In the year 1970, the U.S. Dollar Index switched between 80 and 110. This was the time when the U.S. economy was witnessing recession and rising inflation levels. With the Federal Reserve increasing interest rates to cut inflation, money flowed into the U.S. dollar, resulting in a rise in the USD index. In February 1985, the USD Index hit 164.720; this is the highest it has ever been.

However, this caused significant issues for the U.S. exporters whose goods were no longer competitive internationally. Subsequently, strong actions were taken by the U.S. government to make the currency more competitive, with five nations agreeing to manipulate the U.S. dollar in the forex markets.

This made the Dollar Index dropped by 51% over the course of four years. Since that time, the index has tracked the performance of the economy as well as liquidity flows.
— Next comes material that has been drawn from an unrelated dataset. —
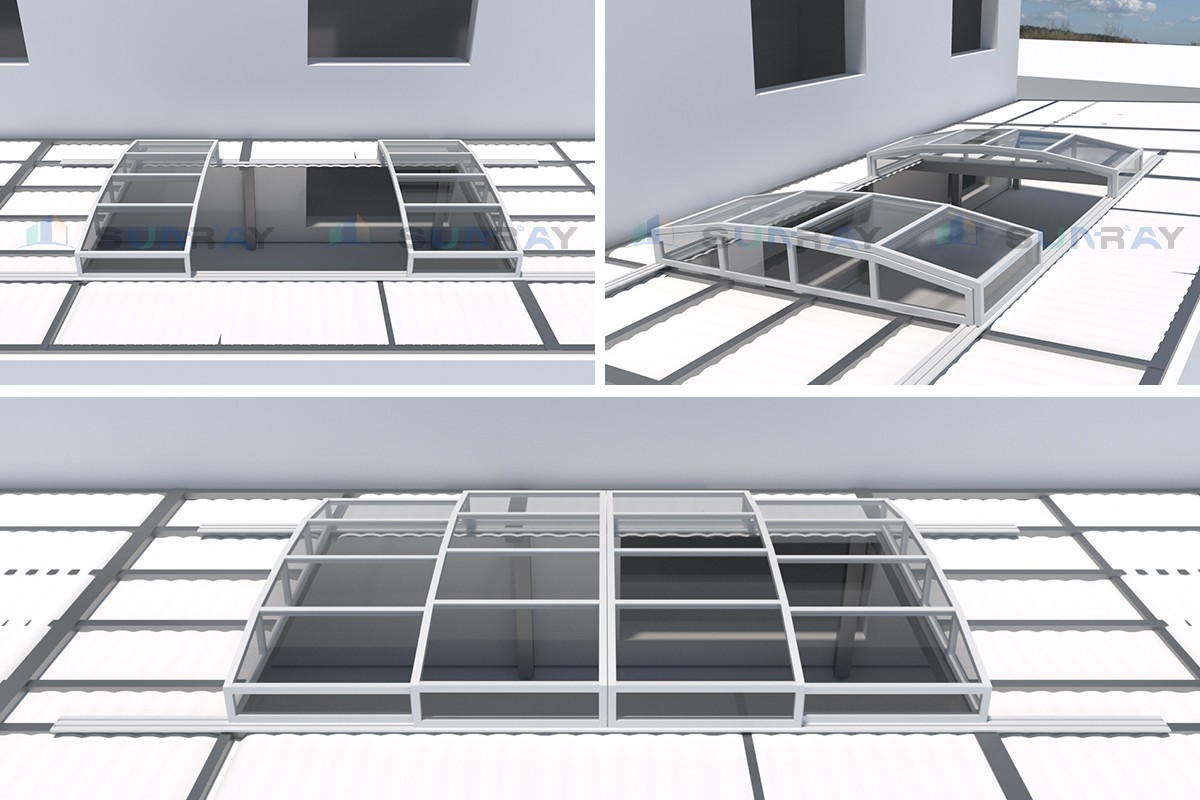 The indoor roof of a swimming pool in the backyard of a villa meant building a mobile sunroom on the client’s steel structure. The price of glass was too high, so the client chose polycarbonate panels with uv coating. T6 profile was required.

Fundamentals of U.S. Dollar Index

This index is presently calculated by factoring in the exchange rates of six leading world currencies, including Euro (EUR), British Pounds (GBP), Canadian Dollar (CAD), Swiss Franc (CHF), Swedish Krona (SEK), and Japanese Yen (JPY). The biggest component of this index is the EUR, which accounts for approximately 58% of the basket. The weights of the rest of the currencies in the index include –

  • GBP (11.9%)
  • JPY (13.6%)
  • SEK (4.2%)
  • CAD (9.1%)
  • CHF (3.6%)

What Impact The Price Of The USD Index?

The USD Index is primarily impacted by the demand for and the supply of the U.S. Dollar. Related currencies of the baskets are also an important factor. These factors impact the price of each pair of currency in the formula that is being used to calculate the value of the U.S. Dollar’s value. The demand and supply of currencies are determined by monetary policies.